Cloudron as reverse proxy for non-Cloudron apps

oj

Cloudron admins also run other apps (e.g. Jitsi, Zammad, BlueSpice) on other non-Cloudron servers that use the subdomains of domains that exist on Cloudron. This is because these apps are not on Cloudron.

Nginx reverse proxy is an excellent tool for this multiple-server environment, creating a unified client experience and also keeps the other servers anonymous.

Since the Cloudron server's security is likely to be better than that of the other non-Cloudron servers (for an amateur Admin like me), can the Cloudron server be enabled - via a GUI - to make it easy to play this reverse proxy role for the other non-Cloudron servers?

robi

@oj While many of us handle this situation via separate CLI config files for nginx directly, once Cloudron 7.0 is released, the multi-host nature of this planned release will be a better time to address such a GUI feature.

oj

@oj said in Cloudron as reverse proxy for non-Cloudron apps:

Nginx reverse proxy is an excellent tool for this multiple-server environment, creating a unified client experience and also keeps the other servers anonymous.

https://nginxproxymanager.com/
https://github.com/jc21/nginx-proxy-manager

"I created this project to fill a personal need to provide users with a easy way to accomplish reverse proxying hosts with SSL termination and it had to be so easy that a monkey could do it."

robi

@oj nice find. This may be good as a second tier reverse proxy for a (sub)domain as it runs as an App in a container and needs a DB.

The main Cloudron Nginx would be fronting it.

oj

@girish @nebulon Is it OK to change the title of this post to "NginxProxy Manager as reverse proxy for non-Cloudron apps" and leave it here in "Discuss" or should I make a new post in "App Wishlist"? Not sure about the forum's rules of etiquette!

fbartels

I am still on the fence if an app such as nginx proxy manager would really be useful on Cloudron.

Normally these types of apps are used to expose apps from the local system or maybe a private network to the internet. And what would be local to the app is already a Cloudron app and therefore covered. And since most Cloudron installations are running on a virtual server in a datacenter there is usually no private network either, meaning that communication to other apps would be plain text unless the app is already configured for ssl. And when you can already configure the app for ssl, you don't need a reverse proxy to do that for you.

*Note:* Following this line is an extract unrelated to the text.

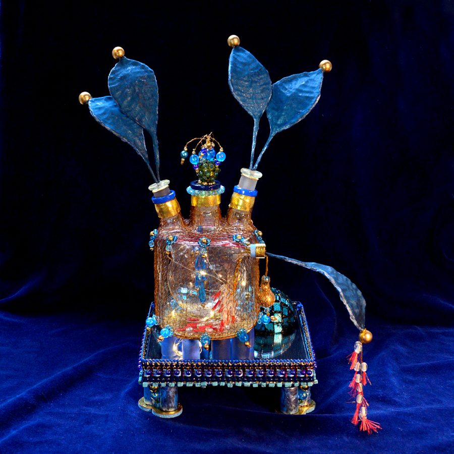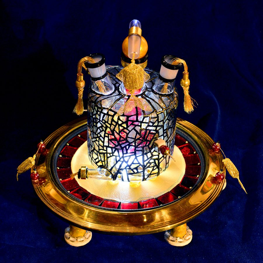 Glasobjekt mit feinem gehäkelten Bronzedraht, Glaselementen und Licht

Plus: skimming through their documentation I did not see a switch to disable their lets encrypt handling.

girish

I wonder if nginxproxymanager is an app or something that we have to make sure Cloudron should integrate with? I feel it's the latter. If that's the case, let us know what is needed on the Cloudron side to make proxying work.

What I mean is: nginx proxy manager should be your "front" and Cloudron is just one of the apps it proxies to.

If there is an API, maybe we can at some point look into integrating with nginx proxy manager i.e an app installation can add entries into nginx proxy manager. Of course, this is viable only if nginx proxy manager is a supported and reasonably popular product. I remember we had similar ideas for integrating with Cloud Firewalls to open up ports automatically.